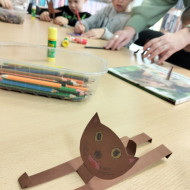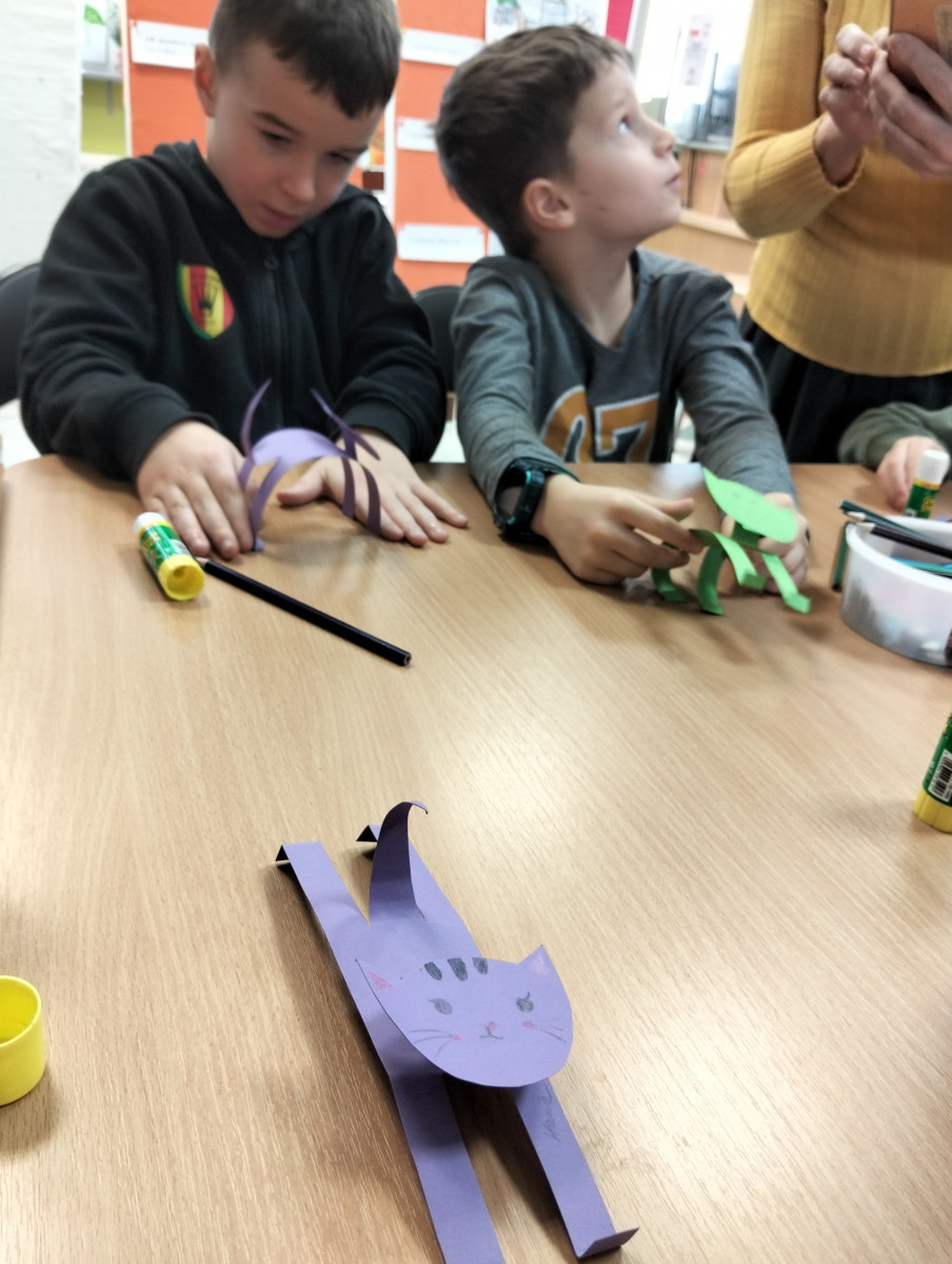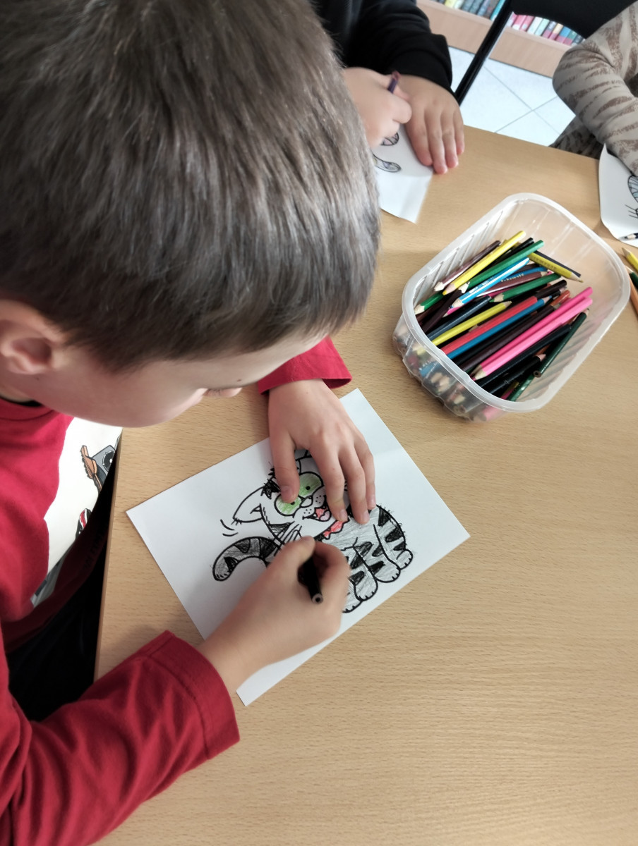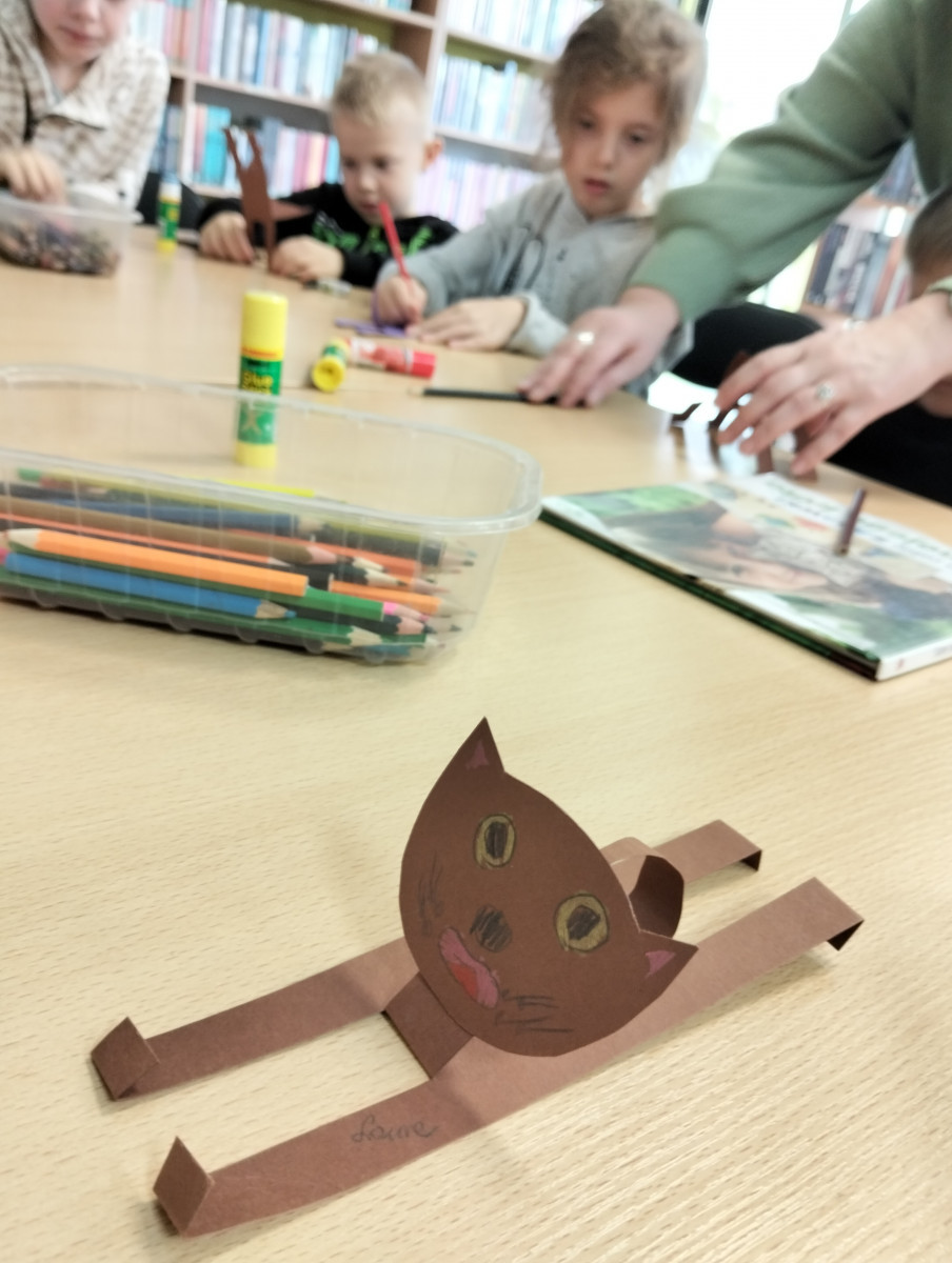 Dzieci były bardzo szczęśliwe, jak dowiedziały się, że p. W. Cichoń napisał jeszcze kilka części w których zdradził kolejne przygody Cukierka. To zachęciło uczniów do odwiedzenia biblioteki kolejny raz – każdy uczestnik warsztatów otrzymał kolorowe zakładki - główki kotków z godzinami pracy wypożyczalni.
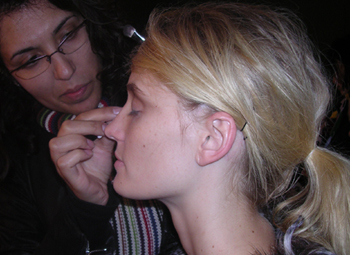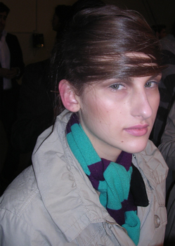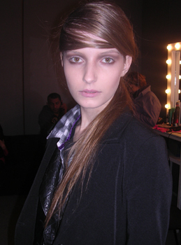 Henrique teve então que adaptá-la para a estação, e ao invés de usar maquiagem preta, optou por usar tons de marrrom, fazendo com sombra o efeito de olheiras, para dar um ar barroco. Nos lábios, foi usado apenas um batom cor-de-boca. O cabelo tinha uma textura bem suja, rústica, em formato de toquinha com acabamento em rabo de cavalo. Para dar esse efeito, ele explica: “Usei spray e mousse”.
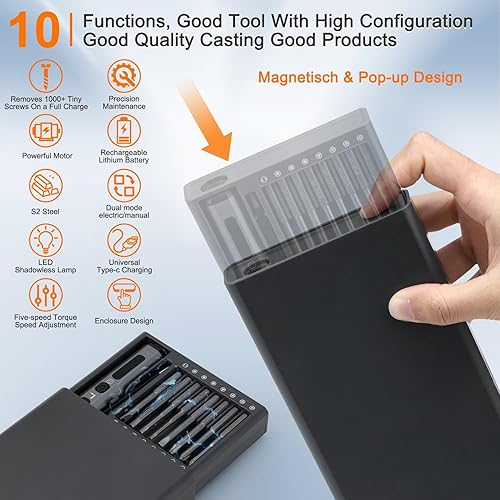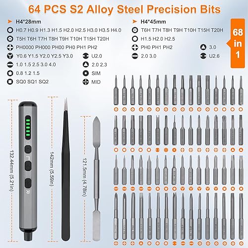 Yerbay Cacciavite Elettrico di precisione, set di Mini Cacciaviti Elettrici Magnetici 68 in 1,con 64 Punte Magnetiche S2,con luci LED a 5 Posizioni di Coppia,per iPhone, laptop, Occhiali e Orologi
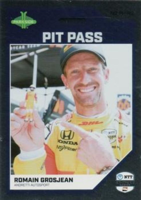 The Romain Grosjean 2024 Parkside IndyCar Premier Edition #PP-RG Pit Pass card is 1 of 45 Romain Grosjean's card variations in the 2024 Parkside IndyCar Premier Edition set being tracked by Sports Card Investor, including #157 Base, #26 Base, #25 Base, #112 Base, and #112 Blue Foil.
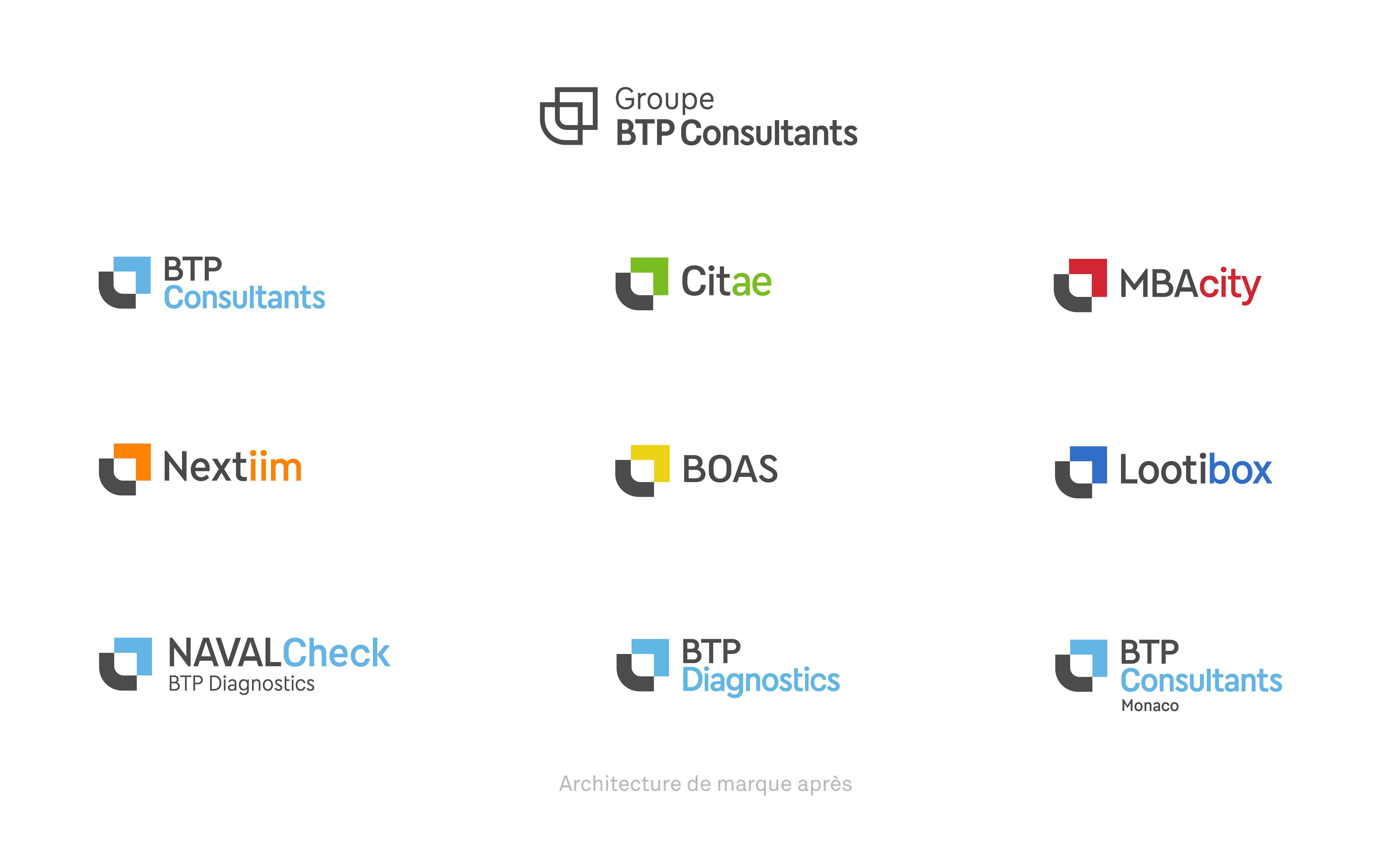 Le groupe BTP Consultants est un acteur de la transformation des secteurs de l’immobilier et de la construction. Suite à l'acquisition successive de différentes filiales, le groupe a souhaité repenser son image de marque et améliorer la lisibilité de son architecture de marque.
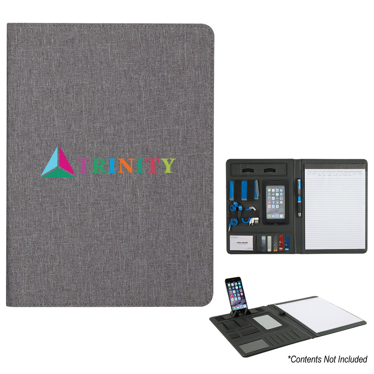 Includes 30 Page 8 ½" x 11" Lined Writing Pad. Slots And Pockets For Multi-Media Organization. Phone Or Tablet Stand. Holds A Variety Of Phone Sizes For Easy Viewing. Card Holders, Elastic Pen Loop And ID Holder. Made Of Polyester..
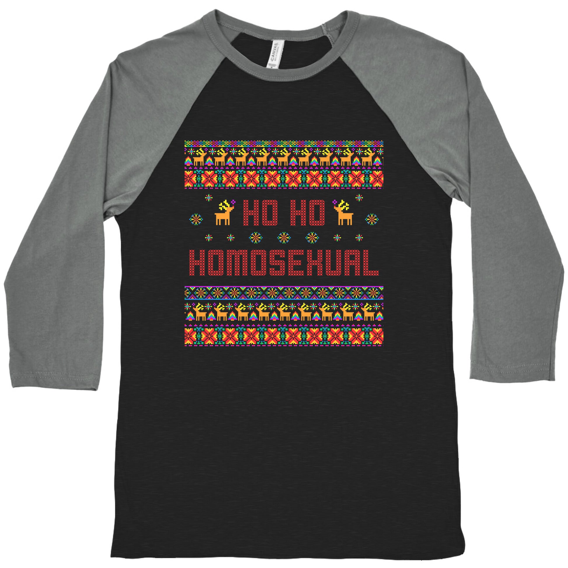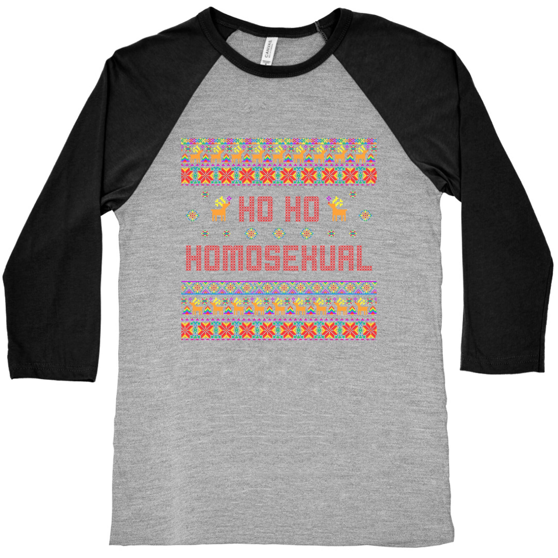 Spread festive cheer and pride with this playful "Ho Ho Ho Homosexual" holiday shirt thats sure to sleigh at every celebration. Perfect for making spirits bright and embracing your fabulous holiday spirit with a wink and a smile. Our exceedingly soft and relaxed fit Tri-Blend Baseball Tee features a three-quarter length sleeve, crew neck, fun contrasting color sleeves and neck trim. Preshrunk for your convenience! Printed in the USA. Made with 50% Polyester, 25% Cotton and 25% Rayon
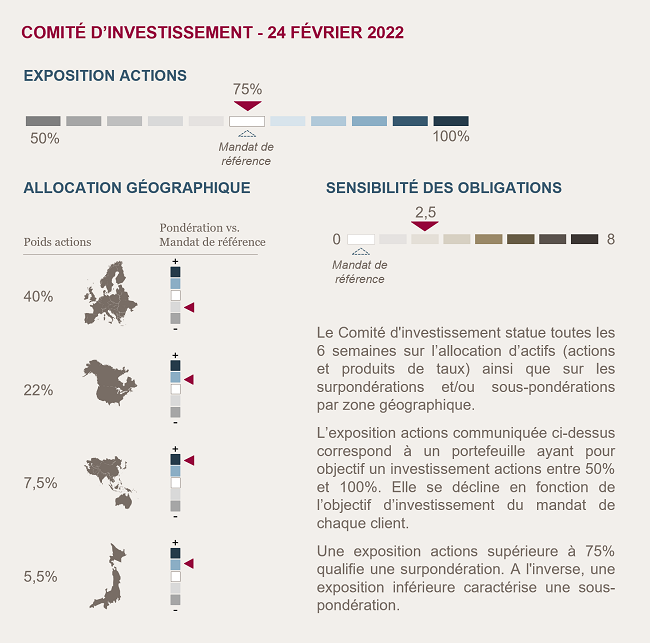 En termes d’allocation d’actifs, si le risque géopolitique semble en grande partie intégré à ce stade, nous actons les niveaux d’exposition actions au point « neutre » et nous ne considérons pas la baisse actuelle comme une opportunité pour augmenter le niveau de risque dans les portefeuilles. Cette analyse est bien entendu réalisée sous l’hypothèse d’une escalade limitée du conflit avec l’Otan.
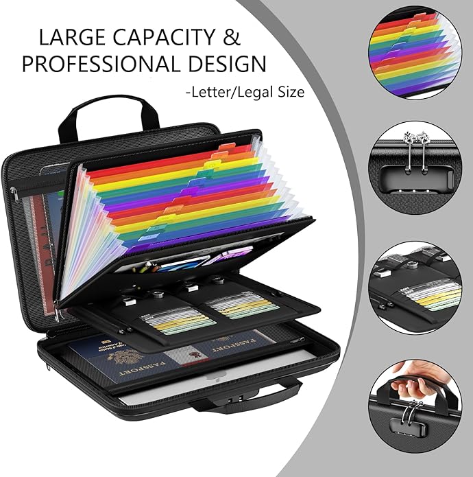 - 【Multi Pockets Fireproof File Organizer】:Outside size :15.5x11.8x3 inches(Full load size : 14.2 x 10.4 x 4 inches ).Multifunctional sorting folders for your business needs. There's an extra 13-page organ folder. Our unique design allows you to neatly store and classify laptop; legal/letter files;receipts;cards;USB drives;pens;passports and more. This would be an ideal gift for family or friends

------------

▶ EXERCISE PROMPT
Output all entries unchanged; skip the pictures.

▶ COMPLETED EXERCISE
 Dzieci były bardzo szczęśliwe, jak dowiedziały się, że p. W. Cichoń napisał jeszcze kilka części w których zdradził kolejne przygody Cukierka. To zachęciło uczniów do odwiedzenia biblioteki kolejny raz – każdy uczestnik warsztatów otrzymał kolorowe zakładki - główki kotków z godzinami pracy wypożyczalni.
 Henrique teve então que adaptá-la para a estação, e ao invés de usar maquiagem preta, optou por usar tons de marrrom, fazendo com sombra o efeito de olheiras, para dar um ar barroco. Nos lábios, foi usado apenas um batom cor-de-boca. O cabelo tinha uma textura bem suja, rústica, em formato de toquinha com acabamento em rabo de cavalo. Para dar esse efeito, ele explica: “Usei spray e mousse”.
 Yerbay Cacciavite Elettrico di precisione, set di Mini Cacciaviti Elettrici Magnetici 68 in 1,con 64 Punte Magnetiche S2,con luci LED a 5 Posizioni di Coppia,per iPhone, laptop, Occhiali e Orologi
 The Romain Grosjean 2024 Parkside IndyCar Premier Edition #PP-RG Pit Pass card is 1 of 45 Romain Grosjean's card variations in the 2024 Parkside IndyCar Premier Edition set being tracked by Sports Card Investor, including #157 Base, #26 Base, #25 Base, #112 Base, and #112 Blue Foil.
 Le groupe BTP Consultants est un acteur de la transformation des secteurs de l’immobilier et de la construction. Suite à l'acquisition successive de différentes filiales, le groupe a souhaité repenser son image de marque et améliorer la lisibilité de son architecture de marque.
 Includes 30 Page 8 ½" x 11" Lined Writing Pad. Slots And Pockets For Multi-Media Organization. Phone Or Tablet Stand. Holds A Variety Of Phone Sizes For Easy Viewing. Card Holders, Elastic Pen Loop And ID Holder. Made Of Polyester..
 Spread festive cheer and pride with this playful "Ho Ho Ho Homosexual" holiday shirt thats sure to sleigh at every celebration. Perfect for making spirits bright and embracing your fabulous holiday spirit with a wink and a smile. Our exceedingly soft and relaxed fit Tri-Blend Baseball Tee features a three-quarter length sleeve, crew neck, fun contrasting color sleeves and neck trim. Preshrunk for your convenience! Printed in the USA. Made with 50% Polyester, 25% Cotton and 25% Rayon
 En termes d’allocation d’actifs, si le risque géopolitique semble en grande partie intégré à ce stade, nous actons les niveaux d’exposition actions au point « neutre » et nous ne considérons pas la baisse actuelle comme une opportunité pour augmenter le niveau de risque dans les portefeuilles. Cette analyse est bien entendu réalisée sous l’hypothèse d’une escalade limitée du conflit avec l’Otan.
 - 【Multi Pockets Fireproof File Organizer】:Outside size :15.5x11.8x3 inches(Full load size : 14.2 x 10.4 x 4 inches ).Multifunctional sorting folders for your business needs. There's an extra 13-page organ folder. Our unique design allows you to neatly store and classify laptop; legal/letter files;receipts;cards;USB drives;pens;passports and more. This would be an ideal gift for family or friends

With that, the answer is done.